In caso di debiti fiscali, la costituzione del fondo può inoltre integrare il reato di sottrazione fraudolenta al pagamento delle imposte (art. 11, D.Lgs. 74/2000).

Va però evidenziato che, nel tempo, la giurisprudenza ha assunto un orientamento poco incline a riconoscere un’efficace protezione segregativa al fondo patrimoniale.

Un primo dato letterale lo offre l’art. 170 c.c., secondo cui:

“l’esecuzione sui beni del fondo e sui frutti di essi non può aver luogo per debiti che il creditore conosceva essere stati contratti per scopi estranei ai bisogni della famiglia.”

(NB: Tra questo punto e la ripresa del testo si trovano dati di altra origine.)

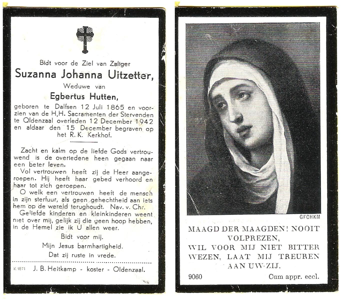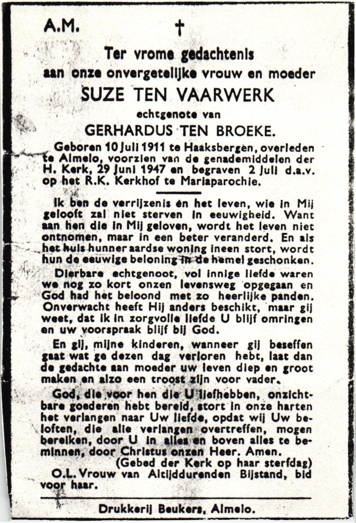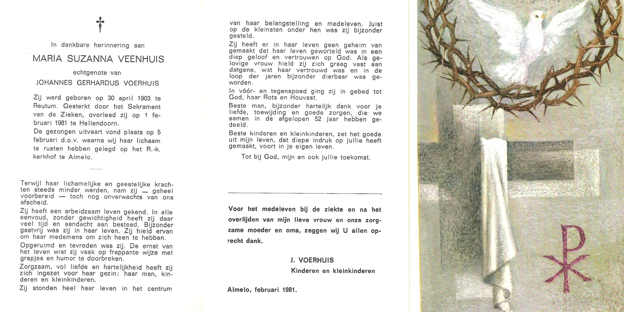 VEENHUIS, Maria Suzanna, geboren op 30-4-1903 te Reutum, overleden op 1-2-1981 te Hellendoorn op 77-jarige leeftijd, begraven op 5-2-1981 te Almelo.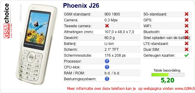 Gegevens van de telefoon Phoenix J26 op jouw webpagina
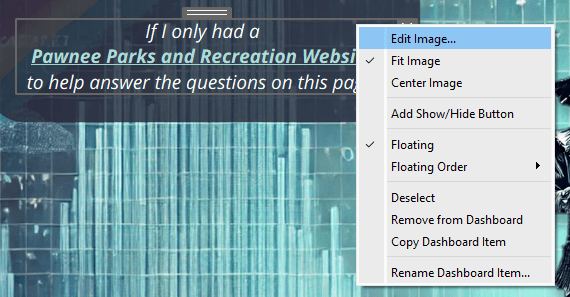 • Right-click the transparent shape, select Edit Image, and paste the URL of your dashboard in the “URL Opened When Image Is Clicked” field.

Ne consegue che la tutela opera solo se il creditore era consapevole dell’estraneità del debito, con evidente attenuazione dell’effetto protettivo.

A ciò si aggiunge un importante principio affermato dalla Cassazione n. 15886/2014, secondo cui, quando l’attività imprenditoriale o professionale del coniuge è funzionale al mantenimento della famiglia, le obbligazioni che ne derivano non possono considerarsi estranee ai bisogni familiari: di conseguenza, i beni del fondo diventano aggredibili dai creditori professionali o imprenditoriali.

e) Cessazione

Il fondo patrimoniale si scioglie nei casi di annullamento, scioglimento o cessazione degli effetti civili del matrimonio, come previsto dall’art. 171 c.c.
In presenza di figli minori, il fondo prosegue fino al raggiungimento della maggiore età dell’ultimo figlio, a tutela dei bisogni della famiglia.

La giurisprudenza ha chiarito che le ipotesi indicate dall’art. 171 c.c. non sono tassative. È infatti ammesso anche lo scioglimento per mutuo consenso dei coniugi, purché non vi siano figli minori (Cass. 17811/2014).

Qualora invece vi siano figli minori o anche solo concepiti, lo scioglimento per mutuo consenso rimane possibile, ma richiede:

  • la nomina di un curatore speciale che esprima il consenso nell’interesse dei minori;
  • la successiva autorizzazione del giudice tutelare ai sensi dell’art. 374 c.c.


f) Pubblicità

La costituzione e le modifiche del fondo patrimoniale sono soggette a doppia pubblicità:

  • annotazione a margine dell’atto di matrimonio (artt. 162-163 c.c.);
  • trascrizione nei registri immobiliari per i beni immobili (art. 2647 c.c.).
    La giurisprudenza prevalente (Cass. S.U. 21659/2009) riconosce a tale trascrizione valore di pubblicità notizia, salvo i casi di costituzione da parte di un terzo con riserva di proprietà, in cui è pubblicità dichiarativa.